Question

Consider the reaction FeO (S) + CO(g) <-----> Fe(s) + CO2(g) for which KP is found to have the following values:

T 600°C 1000°C
Kp 0.900 0.396

a. Calculate ?G°reaction, ?S°reaction, and ?H°reactionnfor this reaction at 600°C. Assume that ?Hreaction°is independent of temperature.

b. Calculate the mole fraction of CO2(g) present in the gas phase at 600°C.

Answer 1

To calculate ΔG° reaction, ΔS° reaction, and ΔH° reaction for the given reaction at 600°C, we can use the relationship ΔG° = -RTlnKp, where Kp is the equilibrium constant at constant pressure.

Step-by-step explanation:

To calculate ΔG° reaction, ΔS° reaction, and ΔH° reaction for the given reaction at 600°C, we can use the relationship ΔG° = -RTlnKp, where Kp is the equilibrium constant at constant pressure.
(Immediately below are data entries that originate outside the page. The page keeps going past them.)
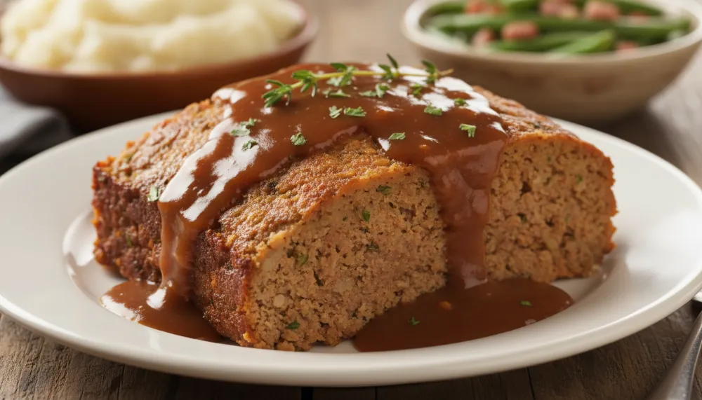 In many regions, meatloaf is served with a tomato-based glaze. However, the true Southern way involves a rich, mahogany brown gravy. To keep this recipe alcohol-free, we skip the traditional deglazing with wine and instead use a teaspoon of apple cider vinegar. This acidity cuts through the richness of the beef broth and butter, providing the necessary “brightness” that makes the gravy feel light rather than heavy. This gravy is the soul of the dish, transforming a simple meatloaf into a sophisticated meal.
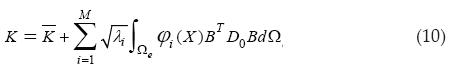 donde D0 es una matriz de elasticidad calculada con un módulo de deformación unitario. Si la expresión 9 se sustituye en la matriz de rigidez (8), ésta queda expresada por una parte determinista
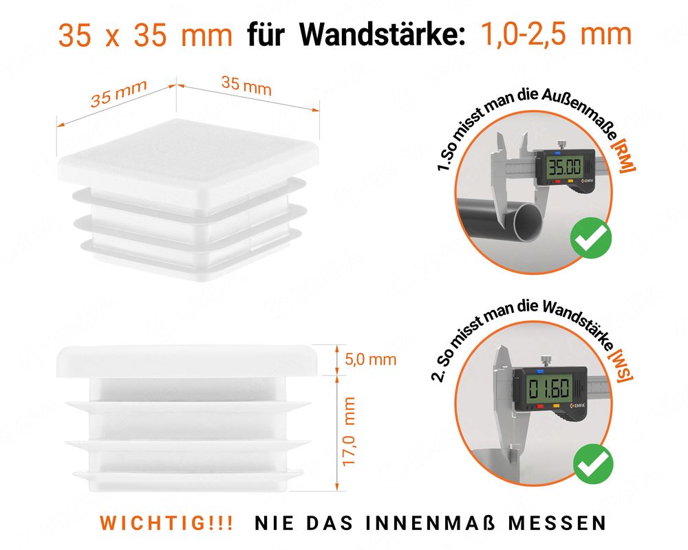 ● Rohrstopfen 35x35 mm aus Kunststoff - geeignet für die Wandstärke von 1,0 bis 2,5 mm - Farbe Weiß. 1 Stück im Lieferumfang. 3,5x3,5 cm. Weitere Maße auf dem Bild.
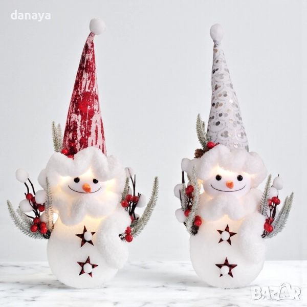 Тази декоративна светеща фигура снежен човек е налична в два прекрасни варианта – с червена или бяла шапка, което ви позволява лесно да я съчетаете с останалите коледни декорации. Независимо дали я поставите до елхата, върху камината или на празничната маса, тя ще се превърне в неустоим акцент.
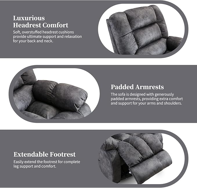 - 【Premium Comfort & Support】Stuffed with high-density foam, this recliner provides optimal softness and ergonomic support. Upholstered in durable, breathable fabric, it offers a luxurious feel while being and long-lasting. The sturdy construction ensures years of dependable use.
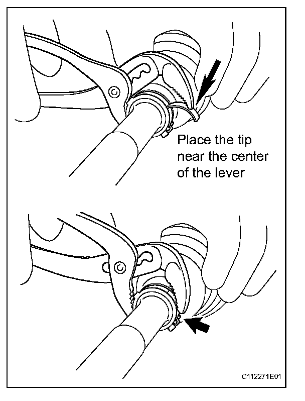 (b) Using water pump pliers, pinch the boot clamp to provisionally fix it.
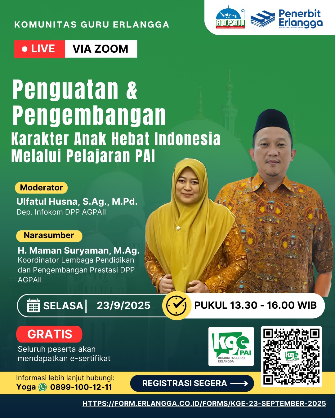 Yuk bergabung dalam Webinar KGE PAI (Komunitas Guru Erlangga) yang akan diselenggarakan pada:
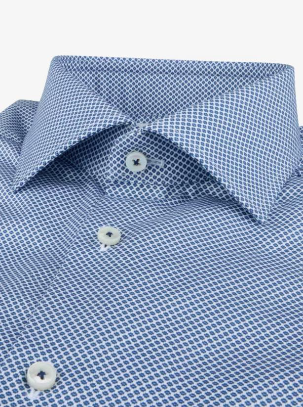 Dieses Twillhemd ist aus Twofold-Cotton-Qualität mit Mikromuster gefertigt. Das Hemd hat Perlmuttknöpfe, einfache Manschetten und einen Cutaway-Kragen.
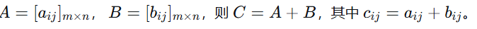 定义:只有同型矩阵(行数和列数分别相等)才能相加。对应位置的元素相加。
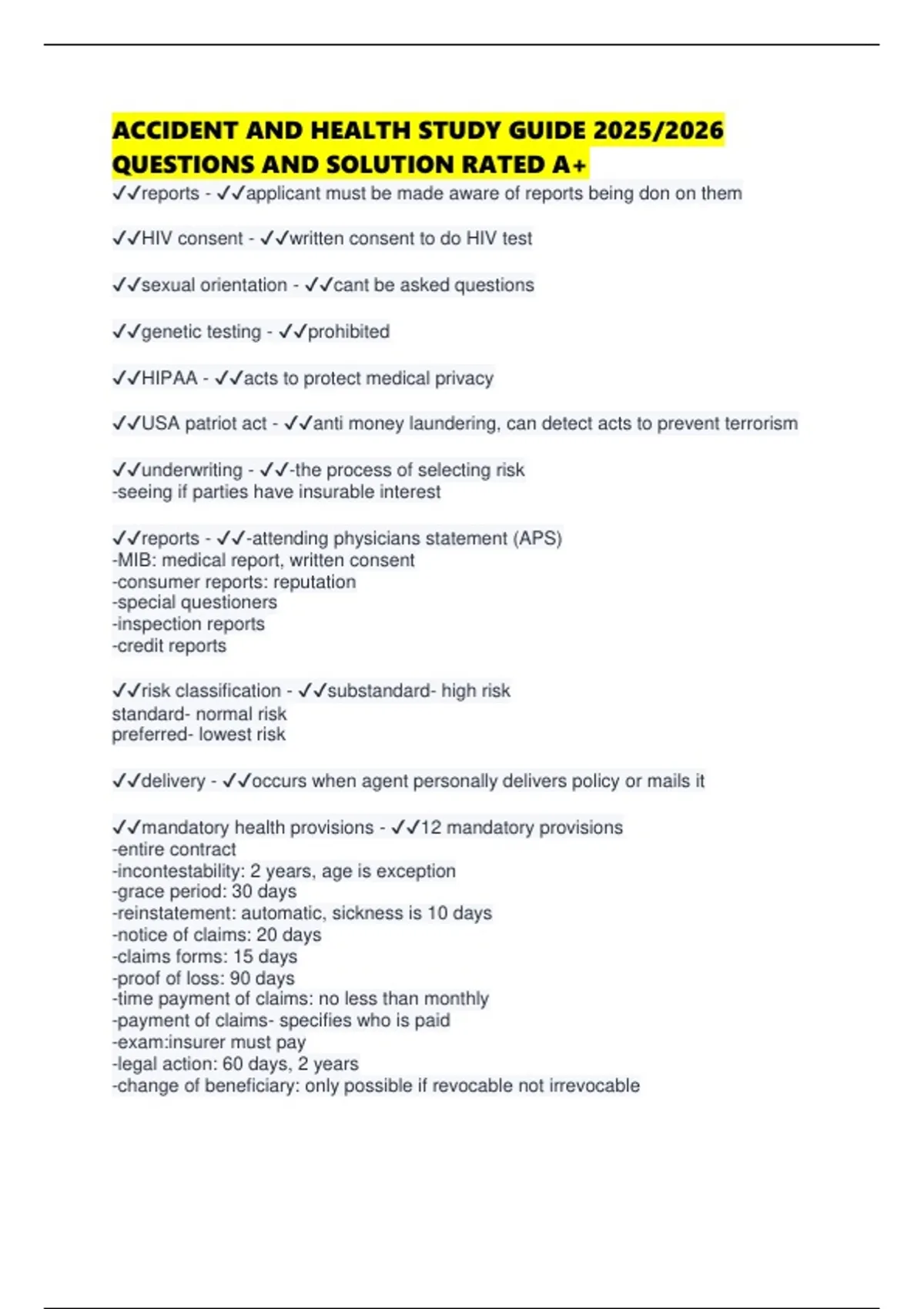 ✔✔mandatory health provisions - ✔✔12 mandatory provisions

The values of Kp at 600°C are given as 0.900.

ΔG° reaction = -RTlnKp = -(8.314 J/mol·K) * (600 + 273.15) K * ln(0.900) = -9.02 kJ/mol.

Since ΔH reaction° is assumed to be independent of temperature, ΔH° reaction = ΔG° reaction + TΔS° reaction = -9.02 kJ/mol + TΔS° reaction.

Answer 2

Step-by-step explanation:

`\Delta G^o=-RT\ln K_1`

where,

R = Gas constant =
`8.314J/K mol`

T = temperature =
`600^oC=[273.15+600]K=873.15 K`

`K_p` = equilibrium constant at 600°C = 0.900

Putting values in above equation, we get:

`\Delta G^o=-(8.314J/Kmol)* 873.15 K* \ln (0.900 )`

`\Delta G^o=764.85 J/mol`

The ΔG° of the reaction at 764.85 J/mol is 764.85 J/mol.

Equilibrium constant at 600°C =
`K_1=0.900`

Equilibrium constant at 1000°C =
`K_2=0.396`

`T_1=[273.15+600]K=873.15 K`

`T_2=[273.15+1000]K=1273.15 K`

`\ln (K_2)/(K_1)=(\Delta H^o)/(R)* [(1)/(T_1)-(1)/(T_2)]`

`\ln (0.396)/(0.900)=(\Delta H^o)/(8.314 J/mol K)* [(1)/(873.15 K)-(1)/(1273.15 K)]`

`\Delta H^o=-18,969.30 J/mol`

The ΔH° of the reaction at 600 C is -18,969.30 J/mol.

ΔG° = ΔH° - TΔS°

764.85 J/mol = -18,969.30 J/mol - 873.15 K × ΔS°

ΔS° = -22.60 J/K mol

The ΔS° of the reaction at 600 C is -22.60 J/K mol.

`FeO (s) + CO(g)\rightleftharpoons Fe(s) + CO_2(g)`

Partial pressure of carbon dioxide =
`p_1=P* \chi_1`

Partial pressure of carbon monoxide =
`p_2=P* \chi_2`

Where
`\chi_1\& \chi_2` mole fraction of carbon dioxide and carbon monoxide gas.

The expression of
`K_p` is given by:

`K_p=(p_1)/(p_2)=(P* \chi_1)/(P* \chi_2)`

`0.900=(\chi_1)/(\chi_2)`

`\chi_1=0.900* \chi_2`

`\chi_1+\chi_2=1`

`0.9\chi_2+\chi_2=1`

`1.9\chi_2=1`

`\chi_2=(1)/(1.9)=0.526`

`\chi_1=1-\chi_2=1-0.526=0.474`

Mole fraction of carbon dioxide at 600°C is 0.474.